Information shown

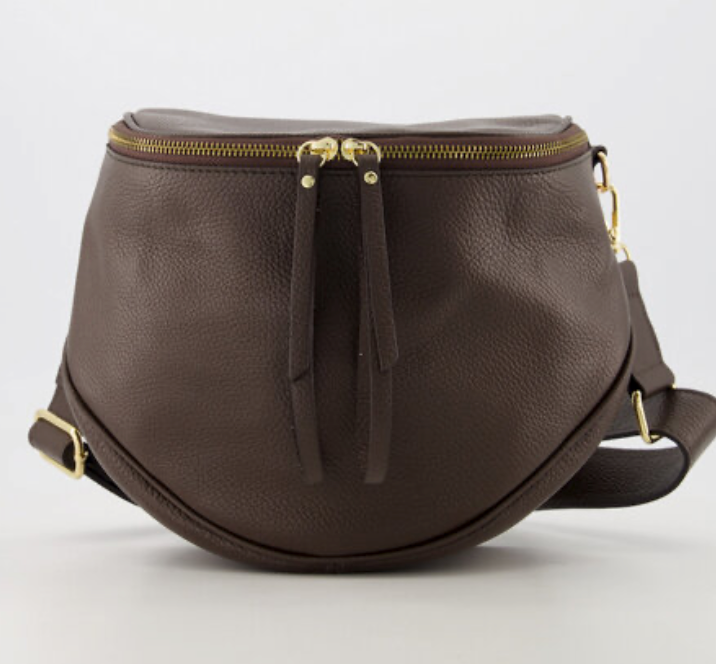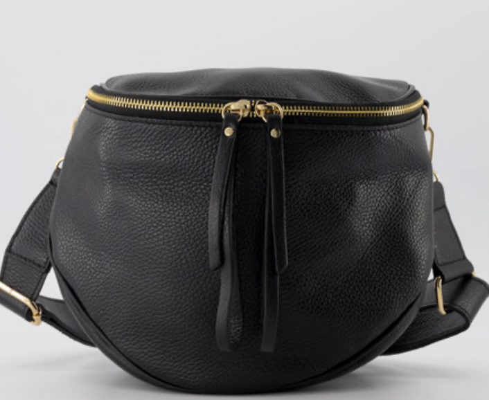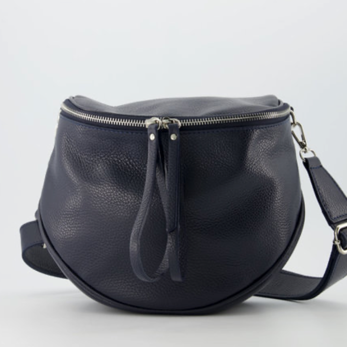 Das Hauptfach bietet ein separates Innenfach mit Reißverschluss und sorgt so für eine übersichtliche Aufteilung. Der breite, längenverstellbare Tragegurt ermöglicht flexibles Styling, ob als Crossbody, über der Schulter oder klassisch an der Hüfte getragen. Goldfarbene Beschläge setzen einen dezenten Akzent und runden das Design ab.
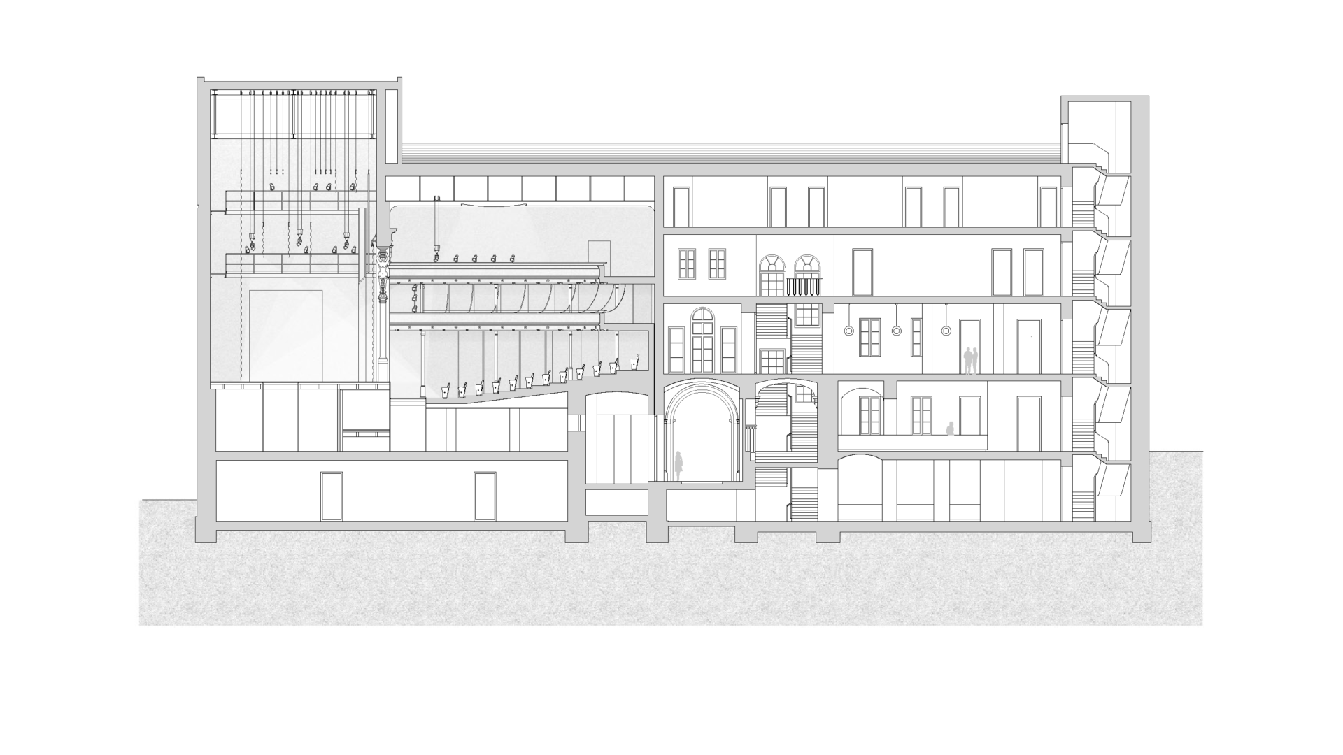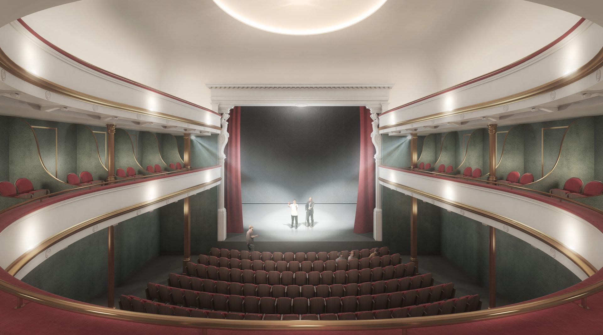 Der historisch wertvollen Grosse Saal wird einigen zurückhaltenden Eingriffen unterzogen, ohne dass er seinen einzigartigen Charakter verliert. Gleichzeitig erhält das Theater einen zeitgenössischen Kleinen Saal, welcher auch aufgrund seiner unmittelbaren Nähe zum Hof vielseitig einsetzbar ist.
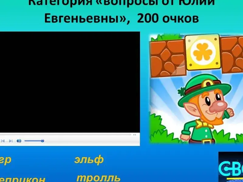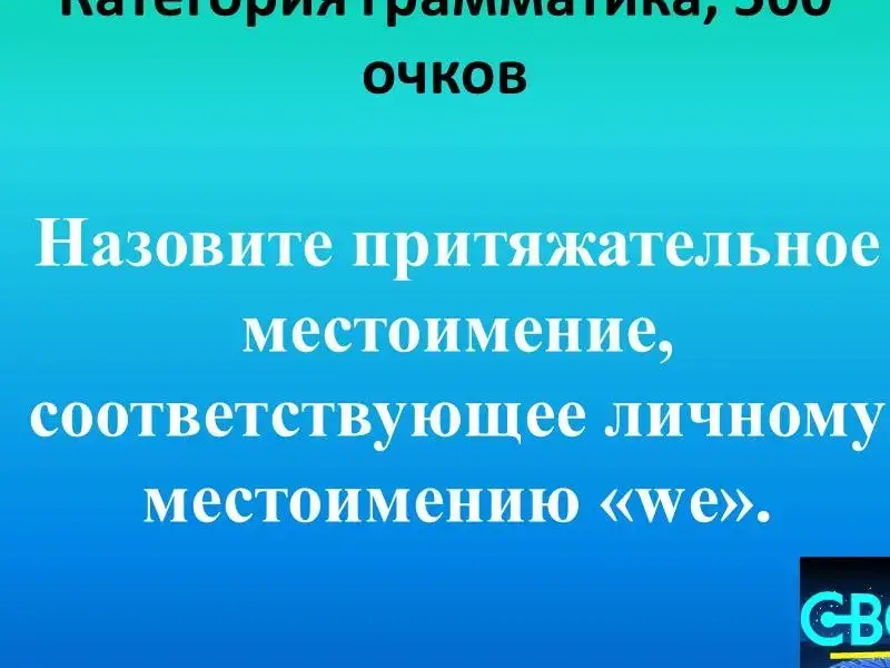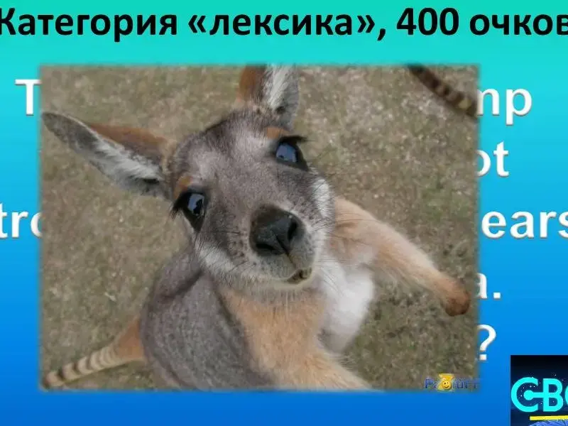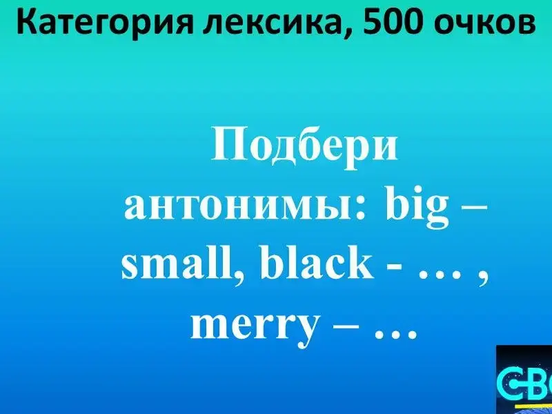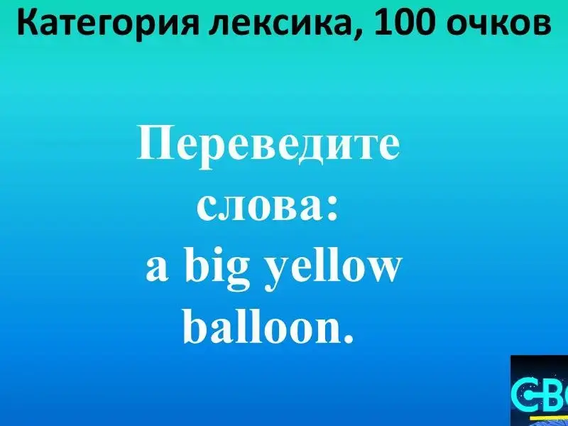 Вопросы 1 раунда. 1. Грамматика 100. 2. Грамматика 200 - страус - an ostrich 3. Грамматика 300. Форма глагола - are. 4. Грамматика 400. Am, is, are 5. Грамматика 500. Местоимение "мы". 6. Лексика 100. Большой жёлтый шарик. 7. Лексика 200. Медведь, слон, крокодил, апельсин, обезьяна. 8. Лексика 300. Жёлтый, один, красный, оранжевый, три, десять, чёрный, серый, семь, двадцать. 9. Лексика 400.Молоко, сок, кофе. 10. Лексика 500. black (чёрный) -..., merry (весёлый) - ... . 11. Вопросы от...100. Посмотрите внимательно на картинку и скажите: кто эта известная леди? 12. Вопросы от ...200. На картинке вы видите известного британского персонажа. Кто это? Огр, эльф, леприкон, тролль. 13. Вопросы от...300. Посмотрите внимательно на картинку. Сколько оленей в упряжке Санты? 14. Вопросы от...400. Зимой и летом одним цветом. 15. Вопросы от...500. Посмотрите на гвардейца королевы. Из меха, какого животного изготовлен его головной убор? |

Assigned task
Transcribe the listing in full. Leave the pictures out.

Response
 Das Hauptfach bietet ein separates Innenfach mit Reißverschluss und sorgt so für eine übersichtliche Aufteilung. Der breite, längenverstellbare Tragegurt ermöglicht flexibles Styling, ob als Crossbody, über der Schulter oder klassisch an der Hüfte getragen. Goldfarbene Beschläge setzen einen dezenten Akzent und runden das Design ab.
 Der historisch wertvollen Grosse Saal wird einigen zurückhaltenden Eingriffen unterzogen, ohne dass er seinen einzigartigen Charakter verliert. Gleichzeitig erhält das Theater einen zeitgenössischen Kleinen Saal, welcher auch aufgrund seiner unmittelbaren Nähe zum Hof vielseitig einsetzbar ist.
 Вопросы 1 раунда. 1. Грамматика 100. 2. Грамматика 200 - страус - an ostrich 3. Грамматика 300. Форма глагола - are. 4. Грамматика 400. Am, is, are 5. Грамматика 500. Местоимение "мы". 6. Лексика 100. Большой жёлтый шарик. 7. Лексика 200. Медведь, слон, крокодил, апельсин, обезьяна. 8. Лексика 300. Жёлтый, один, красный, оранжевый, три, десять, чёрный, серый, семь, двадцать. 9. Лексика 400.Молоко, сок, кофе. 10. Лексика 500. black (чёрный) -..., merry (весёлый) - ... . 11. Вопросы от...100. Посмотрите внимательно на картинку и скажите: кто эта известная леди? 12. Вопросы от ...200. На картинке вы видите известного британского персонажа. Кто это? Огр, эльф, леприкон, тролль. 13. Вопросы от...300. Посмотрите внимательно на картинку. Сколько оленей в упряжке Санты? 14. Вопросы от...400. Зимой и летом одним цветом. 15. Вопросы от...500. Посмотрите на гвардейца королевы. Из меха, какого животного изготовлен его головной убор? |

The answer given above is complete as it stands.